The American football game is played with a total of 22 players on
two teams and each team is 11 players. In the game, the play is
started from a stationary state where both teams face each other
and advancing of a ball is stopped by tackling or the like to end
the play. An average time of a single play is approximately five
seconds and the maximum time of a single play is approximately ten
seconds. The American football game is running through collection
of such short plays. Although duration of a game is 60 minutes, a
time for a strategy meeting or the like is included and thus, a
total of actual playtime is approximately 11 minutes (see NPL
3).
[0126] A size of an image of a video which becomes an analysis
target is 5120.times.720 pixels. A size of a player within the
video is approximately 20.times.60 pixels.

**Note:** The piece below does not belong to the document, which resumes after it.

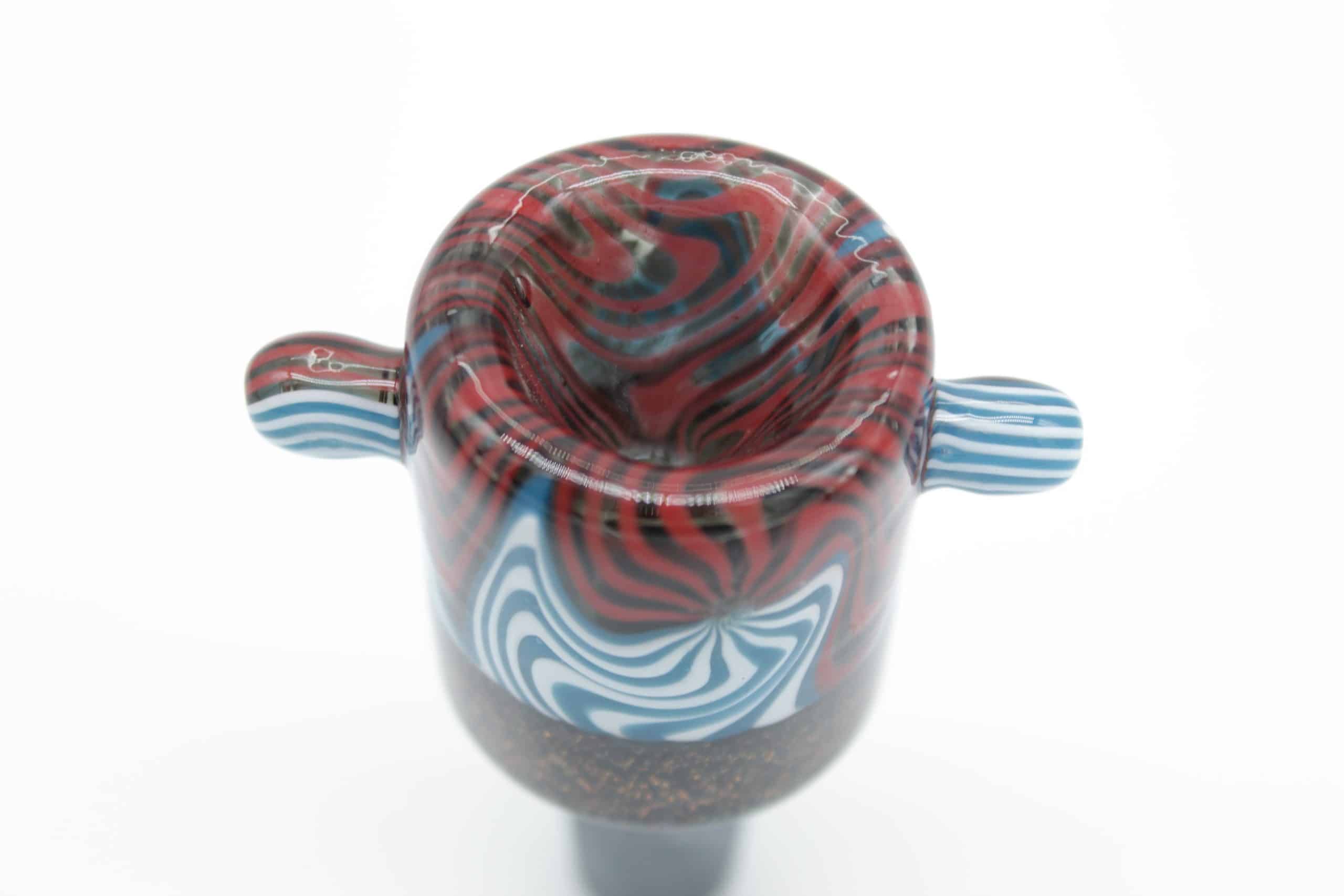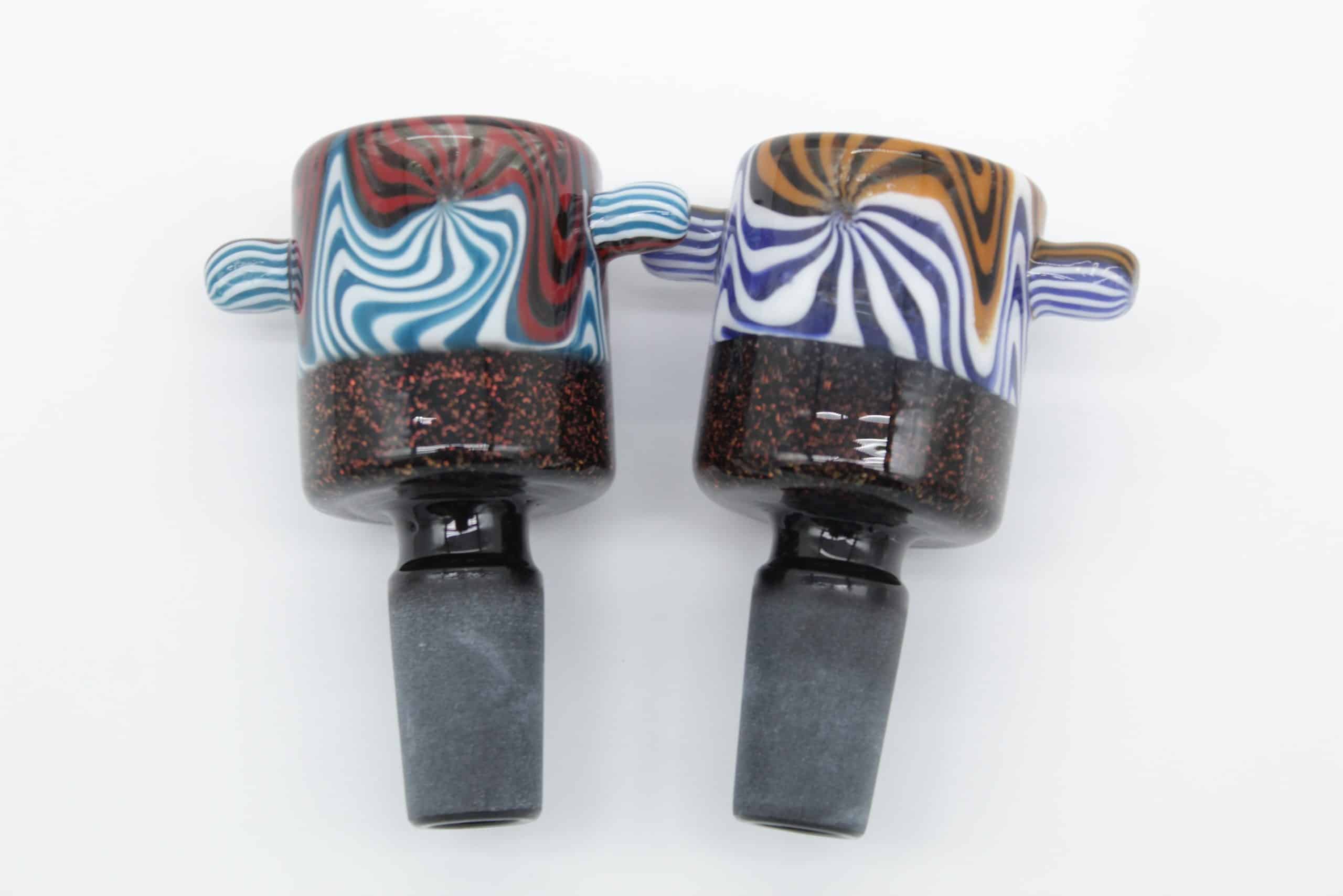 Bring bold color and premium style to your setup with this 14mm Triple Tone Swirl Glass Bowl with Dual Handles. Crafted from durable borosilicate glass, this eye-catching replacement slide features a hypnotic three-tone swirl pattern paired with a shimmering glitter accent band for a unique custom look.

[0127] In the present experiment, first, a comparison of tracking
success rates between the backbone link model described above
according to the related art and the joint base link model (sport
backbone link) described above according to the present embodiment
was performed using a video of an actual one play. In the
experiment, a personal computer equipped with a CPU of core i7 was
used.
[0128] Regarding a video of an actual one play in both the method
of the related art and the method of the present embodiment, a
result of forward tracking and a result of reverse tracking of all
players were output. The number of frames e of the video is e=190,
the number of players d is d=22, the number of evaluation targets g
is g=4180 (g=d.times.e).
[0129] In the method of the related art, initial position setting
of the backbone link model was performed by manually operating a
main component or a size and adjusting an area in which a
rectangular region of the backbone link model and a silhouette of
the player are overlapped with each other to become the largest
after clicking a head position of a player to be input. The initial
position setting of the joint base link model in the present
embodiment was performed by performing a drag-and-drop from the
head position to the waist position. The upper body of the joint
base link model is automatically set to be matched with the
silhouette of the player by such setting.

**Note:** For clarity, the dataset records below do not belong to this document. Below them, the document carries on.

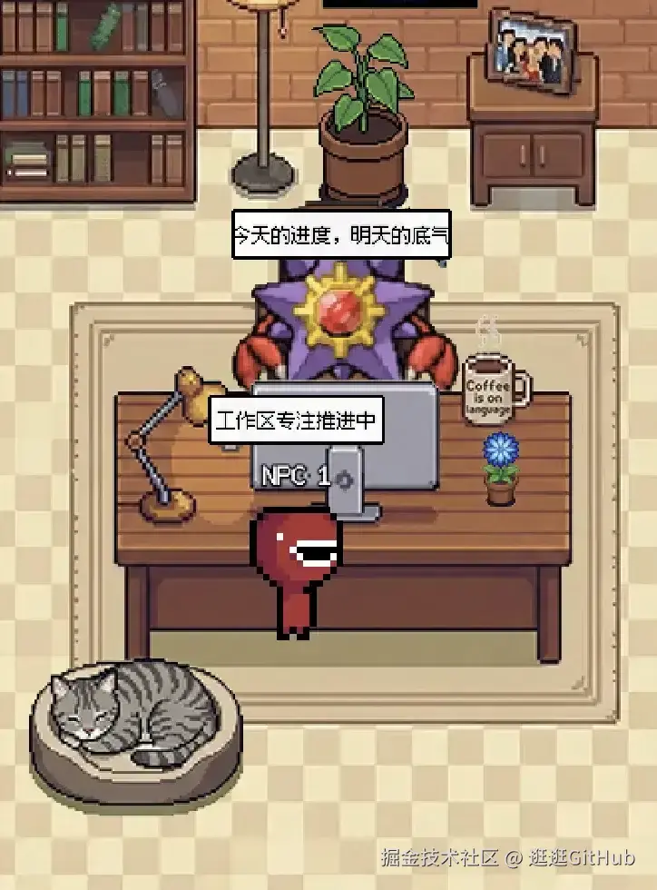 只不过风格是类似像素 RPG 的小办公室场景:有办公桌、沙发、咖啡机、服务器机柜、盆栽、海报、猫。
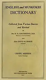 1. Creek Language Archive - The Bookshelf Archived 2008-05-09 at the Wayback Machine, The College of William and Mary. Accessed January 22, 2008. "For almost a hundred years, there was only one Creek dictionary, first published in 1890"
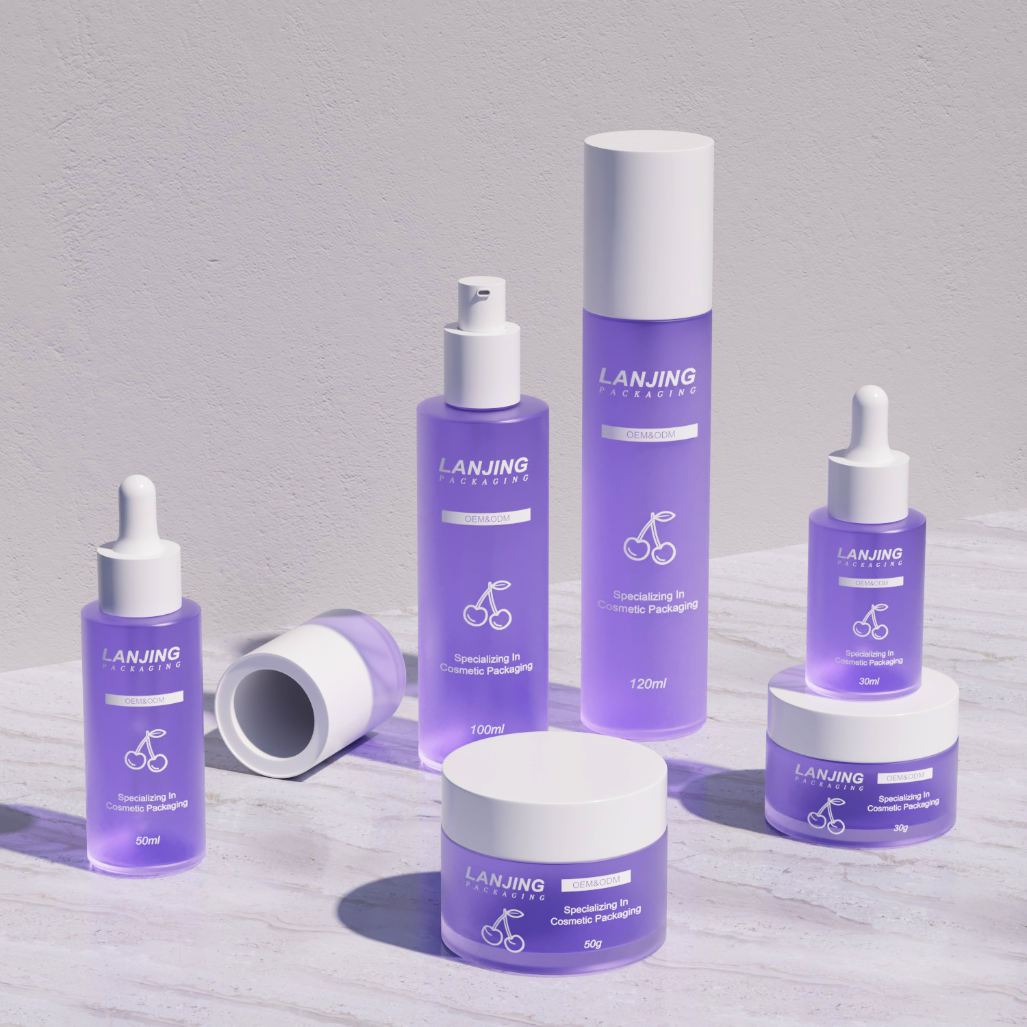 Cosmetic Glass Bottle Set for Skincare Serum Lotion Cream High End Beauty Packaging with Paper Box

[0130] In the present experiment, whether the superposed head of
the tracking result is within the head region of a target player or
not was determined by visual observation and a case where the head
is within the head region was regarded as tracking success.

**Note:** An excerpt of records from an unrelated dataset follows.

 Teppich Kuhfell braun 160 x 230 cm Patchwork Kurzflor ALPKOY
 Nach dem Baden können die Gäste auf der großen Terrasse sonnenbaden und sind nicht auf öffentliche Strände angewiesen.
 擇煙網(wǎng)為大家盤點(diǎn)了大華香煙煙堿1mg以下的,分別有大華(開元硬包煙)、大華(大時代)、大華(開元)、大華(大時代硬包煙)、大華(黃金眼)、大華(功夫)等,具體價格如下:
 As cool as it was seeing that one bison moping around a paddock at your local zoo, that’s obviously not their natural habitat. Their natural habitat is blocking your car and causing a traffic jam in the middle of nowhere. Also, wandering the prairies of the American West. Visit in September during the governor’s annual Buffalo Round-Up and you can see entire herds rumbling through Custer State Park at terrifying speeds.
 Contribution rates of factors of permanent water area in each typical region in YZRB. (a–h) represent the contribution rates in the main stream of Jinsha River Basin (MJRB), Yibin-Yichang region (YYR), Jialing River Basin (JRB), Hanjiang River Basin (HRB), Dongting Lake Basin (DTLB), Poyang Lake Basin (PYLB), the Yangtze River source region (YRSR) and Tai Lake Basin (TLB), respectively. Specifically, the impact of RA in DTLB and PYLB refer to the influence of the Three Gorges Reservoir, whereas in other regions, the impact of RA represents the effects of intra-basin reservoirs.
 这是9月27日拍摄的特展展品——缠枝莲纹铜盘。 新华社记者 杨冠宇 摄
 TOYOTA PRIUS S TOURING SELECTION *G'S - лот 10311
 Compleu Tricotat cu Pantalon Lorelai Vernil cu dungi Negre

[0131] FIG. 11 is a diagram illustrating an example of an
experiment result. In FIG. 11, the lateral axis represents a
percentage.
[0132] In FIG. 11, the "tracking success rate" indicates a frame
rate of frames determined as the tracking success in each frame as
a result obtained by performing the forward tracking and the
reverse tracking on 22 persons of all players in the target video.
The "matching success rate" indicates a frame rate of frames that
tracking in any of the forward tracking or the reverse tracking was
successful. The "matching half success rate" indicates a frame rate
of frames that tracking in one of the forward tracking and the
reverse tracking was successful. The "matching failure rate"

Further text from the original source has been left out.